Lucille Clifton describes this willingness to stay in a space of uncertainty as the foundation for poetry: “it’s not about [answers], it’s about questions. So you come to poetry not out of what you know but out of what you wonder. And everyone wonders something differently and at different times.”

Mary Oliver suggests it could be a life goal: “Still, what I want in my life is to be willing to be dazzled – to cast aside the weight of facts and maybe even to float a little above this difficult world.  I want to believe I am looking into the white fire of a great mystery.”

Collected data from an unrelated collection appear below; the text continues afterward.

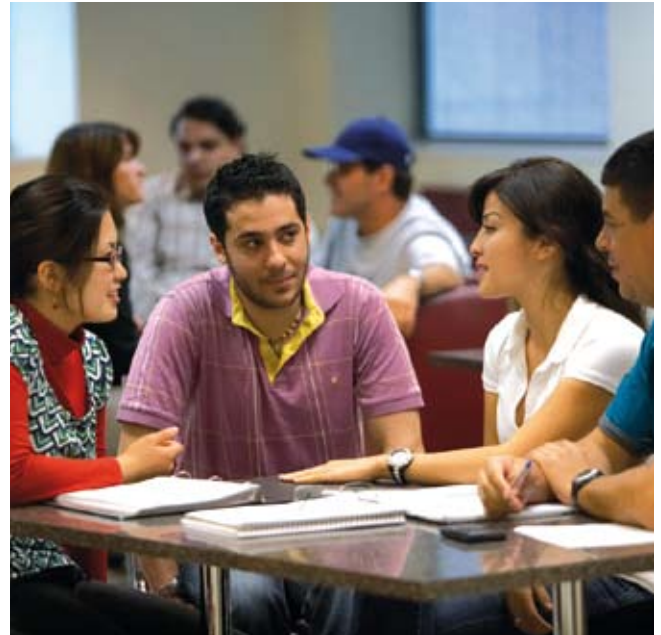
PLI Toronto students

Taxi services costs approximately $40 - 60 (add 10-15% tip) to get to your homestay or downtown. The drive averages about 45 minutes depending on where you live.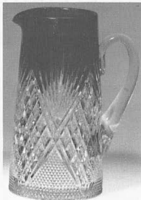
V14—TARENTUM'S VIRGINIA pattern tankard pitcher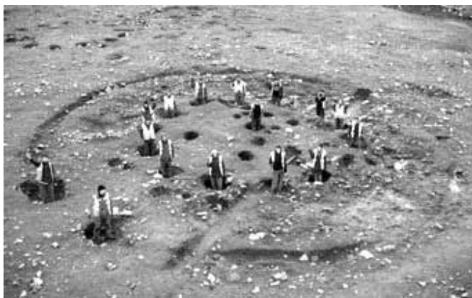
Figure 1. Members of the excavation team standing in the postholes of one of the roundhouses at Culduthel

A spectacular Iron Age settlement has been discovered at Culduthel, just south of Inverness, during work for a new housing development. The excavation by Headland Archaeology focused on a circular enclosure that was visible on aerial photographs as a cropmark. Once excavation began it was clear that the enclosure was part of a much bigger settlement which included seventeen roundhouses. All were located outside the circular enclosure and several of the buildings were exceptionally well preserved by the hillwash that sealed a large area of Iron Age archaeology.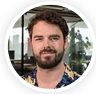
Stijn van Wonderen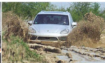
NEW CAYENNE First drive of Porsche's all-new SUV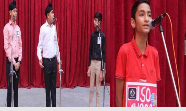
World Standards Day (IX F)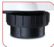
Leveling base on the bottom of the scale base for safe and secure placement.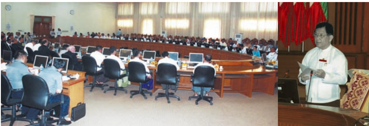
Union Election Commission Chairman U Tin Aye making a speech in meeting with those from political parties.

NAY PYI TAW, 8 April—Union Election Commission will educate the ethnic people on voting processes through its public awareness programmes in ethnic languages, Chairman of Union Election Commission U Tin Aye said in meeting with political parties this morning.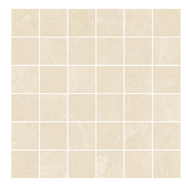
AIN20/M122 Emperador Beige 36pc Mosaic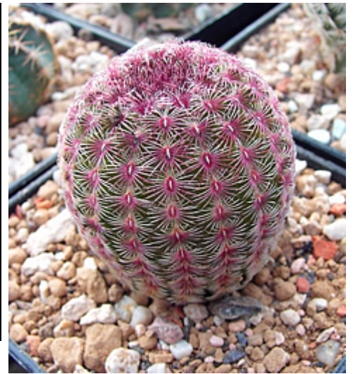
Echinocereus rigidissimus ssp. rubispinus

And, Aimee Nezhukumatathil (neh-ZOO / KOO-mah / tah-TILL), argues that it offers a way for us to connect with the world and each other: “What if we wrote about what we wondered, no matter our age or our education? What if we allowed ourselves to admit we don’t have all the answers, that we depend on someone else’s experience and knowledge? A humbling of ourselves. What if we shared the abundance of what we wondered about, what we’re curious about? This reminds us that we’re all interconnected. We need each other to help us grow in our understanding of each other. Because when you make wonder a habit, you feel less alone.”

question: What do you wonder about? 

Being outside and in motion is an excellent chance to be curious about the world. Moving opens us up and makes us more able to wander with our thoughts, to be creative, imaginative, willing to explore all sorts of answers without settling on just one. While we’re moving, it’s harder to look things up and find “the ANSWER” — if one answer is even possible, or if the answer you find online is accurate or trustworthy. Instead, we can remain in a state of mystery and possibility. And, when you’re outside, even if it’s a space you regularly move through, there’s so much to wonder about! So many strange and marvelous things happening! So many stories we haven’t yet heard! So many ways to connect with the world!

In the video, “Gifts of the Land,” Robin Wall Kimmerer offers a guided nature tour of Clark Reservation State Park in Jamesville, NY. She says: “A place like this is really an opportunity to listen to the land and to really slow down and watch and engage with the life unfolding around you.”

As she walks through the woods, she finds stories everywhere, like the small evergreen patch on the ground, the nuts in a tree, or the many mosses on a limestone ledge:

One of the reasons I love to bring my students here are these beautiful mossy ledges. All of this limestone was scraped bare by a glacier and without any soil on it, for the most part, the rooted plants can’t grow. So then it makes these gorgeous habitats for all of the mosses. And you might at first just look around and say, okay, there’s a green carpet on the rocks. But when your eye starts to become attuned and you use all of your senses, you realize there’s no such thing as just moss. It’s mosses. There’s all these different kinds of moss. The thousand shades of green: the bright lime green, and the rusty orange green, and the brown-y green, the bright grass green, the shiny ones, the dull ones, and every one of them is a different species. And it starts to just draw you in closer and closer to see how they live their lives.”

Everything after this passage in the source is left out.